Source data =>
· · · · · · ·

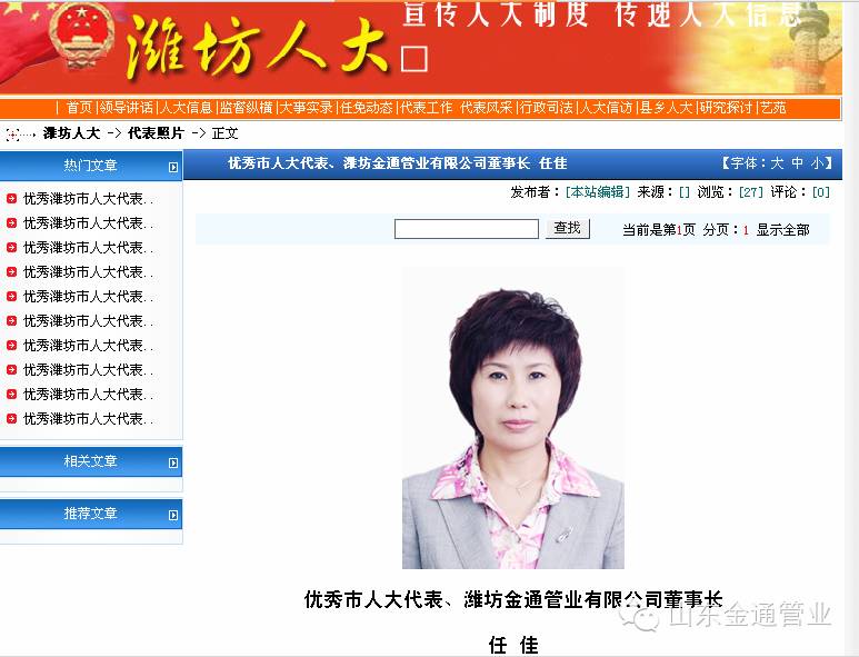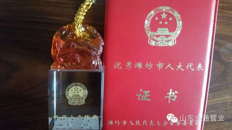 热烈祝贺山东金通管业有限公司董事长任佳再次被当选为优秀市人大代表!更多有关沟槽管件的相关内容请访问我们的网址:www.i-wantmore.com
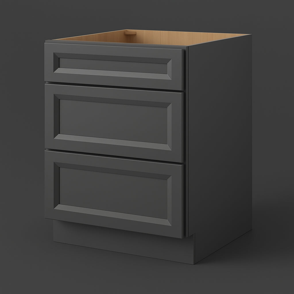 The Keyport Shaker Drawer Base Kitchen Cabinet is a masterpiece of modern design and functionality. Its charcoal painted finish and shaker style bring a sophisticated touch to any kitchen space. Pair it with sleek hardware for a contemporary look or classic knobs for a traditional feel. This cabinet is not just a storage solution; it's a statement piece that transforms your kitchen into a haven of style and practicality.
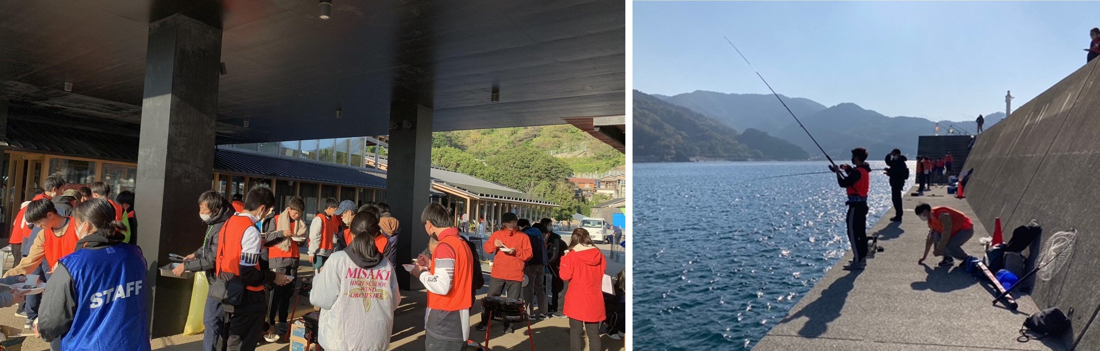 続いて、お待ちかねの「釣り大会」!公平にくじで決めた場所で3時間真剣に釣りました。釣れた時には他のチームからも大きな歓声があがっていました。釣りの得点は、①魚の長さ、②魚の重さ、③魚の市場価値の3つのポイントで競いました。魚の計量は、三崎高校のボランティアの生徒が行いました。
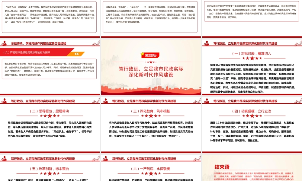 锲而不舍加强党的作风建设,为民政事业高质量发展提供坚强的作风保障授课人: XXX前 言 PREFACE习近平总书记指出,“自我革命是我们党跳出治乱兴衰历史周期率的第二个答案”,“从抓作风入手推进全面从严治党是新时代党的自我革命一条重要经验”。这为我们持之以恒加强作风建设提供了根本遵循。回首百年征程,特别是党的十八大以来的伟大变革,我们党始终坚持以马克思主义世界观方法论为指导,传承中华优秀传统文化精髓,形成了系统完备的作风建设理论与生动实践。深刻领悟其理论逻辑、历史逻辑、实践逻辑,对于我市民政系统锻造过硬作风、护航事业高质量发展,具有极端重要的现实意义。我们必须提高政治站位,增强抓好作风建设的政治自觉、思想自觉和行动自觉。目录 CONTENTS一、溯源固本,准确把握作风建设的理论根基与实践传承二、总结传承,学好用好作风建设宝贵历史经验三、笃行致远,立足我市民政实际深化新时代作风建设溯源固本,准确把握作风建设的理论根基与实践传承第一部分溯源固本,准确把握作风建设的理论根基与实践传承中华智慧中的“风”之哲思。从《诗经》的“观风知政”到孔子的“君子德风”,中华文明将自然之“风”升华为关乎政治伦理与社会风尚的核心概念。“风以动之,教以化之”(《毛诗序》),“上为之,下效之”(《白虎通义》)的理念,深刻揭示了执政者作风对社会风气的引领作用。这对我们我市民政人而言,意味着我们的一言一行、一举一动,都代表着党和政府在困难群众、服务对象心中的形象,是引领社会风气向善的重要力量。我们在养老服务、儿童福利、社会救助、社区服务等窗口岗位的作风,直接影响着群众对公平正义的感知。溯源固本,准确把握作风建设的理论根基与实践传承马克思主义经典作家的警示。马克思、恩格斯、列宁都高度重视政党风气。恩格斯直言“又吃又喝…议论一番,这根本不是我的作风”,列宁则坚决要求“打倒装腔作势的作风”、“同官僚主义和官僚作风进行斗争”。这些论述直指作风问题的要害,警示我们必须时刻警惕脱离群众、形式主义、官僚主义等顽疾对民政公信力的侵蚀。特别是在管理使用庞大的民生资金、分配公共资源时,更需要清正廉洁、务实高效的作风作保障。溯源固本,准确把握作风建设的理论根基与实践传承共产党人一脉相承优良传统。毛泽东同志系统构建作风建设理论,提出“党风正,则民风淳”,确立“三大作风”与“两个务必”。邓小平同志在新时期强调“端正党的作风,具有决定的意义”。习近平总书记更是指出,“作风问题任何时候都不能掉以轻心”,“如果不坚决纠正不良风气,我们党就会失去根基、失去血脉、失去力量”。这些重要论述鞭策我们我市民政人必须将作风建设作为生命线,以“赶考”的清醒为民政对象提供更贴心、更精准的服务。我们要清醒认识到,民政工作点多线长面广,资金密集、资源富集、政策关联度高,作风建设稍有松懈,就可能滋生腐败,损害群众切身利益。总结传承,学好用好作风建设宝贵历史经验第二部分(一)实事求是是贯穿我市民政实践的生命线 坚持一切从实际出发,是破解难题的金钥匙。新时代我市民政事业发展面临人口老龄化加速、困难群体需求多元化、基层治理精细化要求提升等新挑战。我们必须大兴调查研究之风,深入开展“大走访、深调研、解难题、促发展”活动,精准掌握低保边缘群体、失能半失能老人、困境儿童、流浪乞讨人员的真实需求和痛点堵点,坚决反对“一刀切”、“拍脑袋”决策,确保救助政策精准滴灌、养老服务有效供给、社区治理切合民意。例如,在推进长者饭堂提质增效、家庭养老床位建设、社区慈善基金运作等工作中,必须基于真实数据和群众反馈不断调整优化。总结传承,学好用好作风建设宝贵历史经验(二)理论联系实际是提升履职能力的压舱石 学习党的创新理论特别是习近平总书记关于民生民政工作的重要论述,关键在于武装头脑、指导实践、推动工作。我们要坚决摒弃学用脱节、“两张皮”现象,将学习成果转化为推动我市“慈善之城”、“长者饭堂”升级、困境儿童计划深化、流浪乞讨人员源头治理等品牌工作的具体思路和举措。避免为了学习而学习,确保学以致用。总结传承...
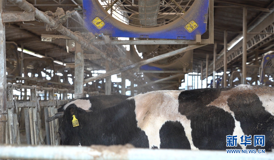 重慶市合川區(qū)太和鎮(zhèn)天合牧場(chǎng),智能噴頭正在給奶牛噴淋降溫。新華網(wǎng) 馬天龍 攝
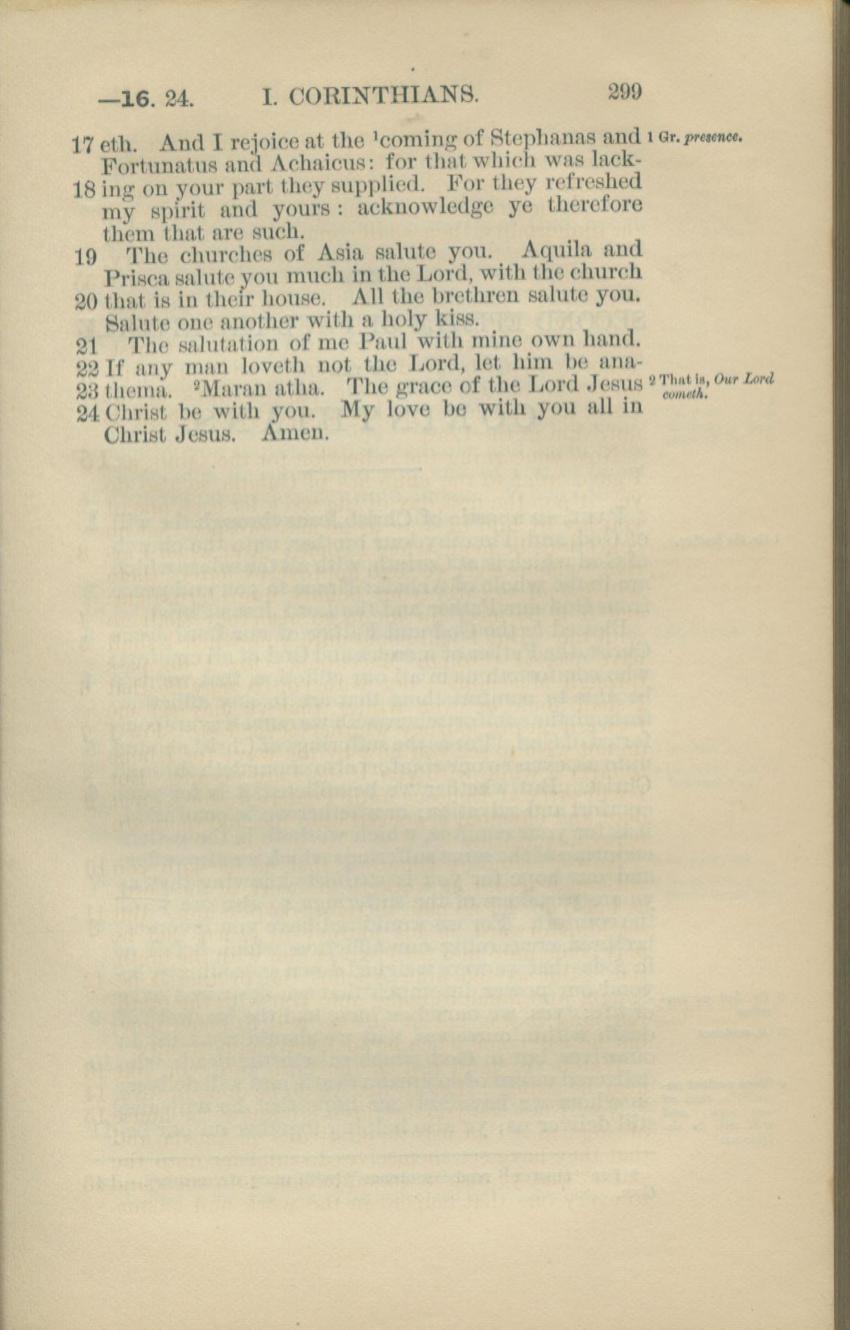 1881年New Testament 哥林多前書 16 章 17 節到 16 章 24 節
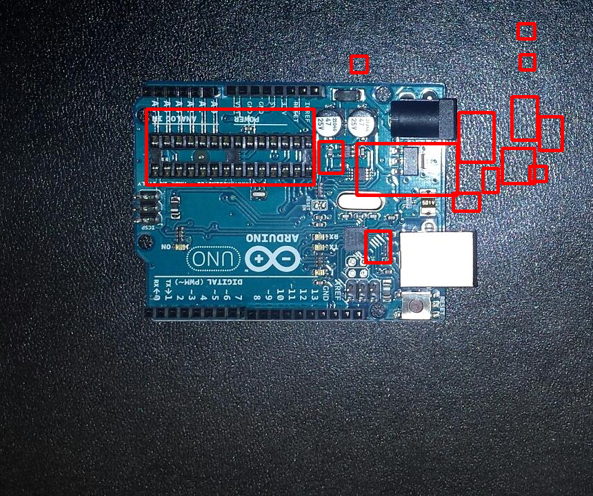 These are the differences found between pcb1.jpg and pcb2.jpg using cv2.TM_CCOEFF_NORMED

· · · · · · ·

Work required =>
Reproduce exactly the lines above from the one with "重慶市合川區(qū)太和鎮(zhèn)天合牧場(chǎng),智能噴頭正在給奶牛噴淋降溫。新華網(wǎng) 馬天龍 攝" through the last line of the data, keeping both ends and dropping the pictures.

Exercise response =>
 重慶市合川區(qū)太和鎮(zhèn)天合牧場(chǎng),智能噴頭正在給奶牛噴淋降溫。新華網(wǎng) 馬天龍 攝
 1881年New Testament 哥林多前書 16 章 17 節到 16 章 24 節
 These are the differences found between pcb1.jpg and pcb2.jpg using cv2.TM_CCOEFF_NORMED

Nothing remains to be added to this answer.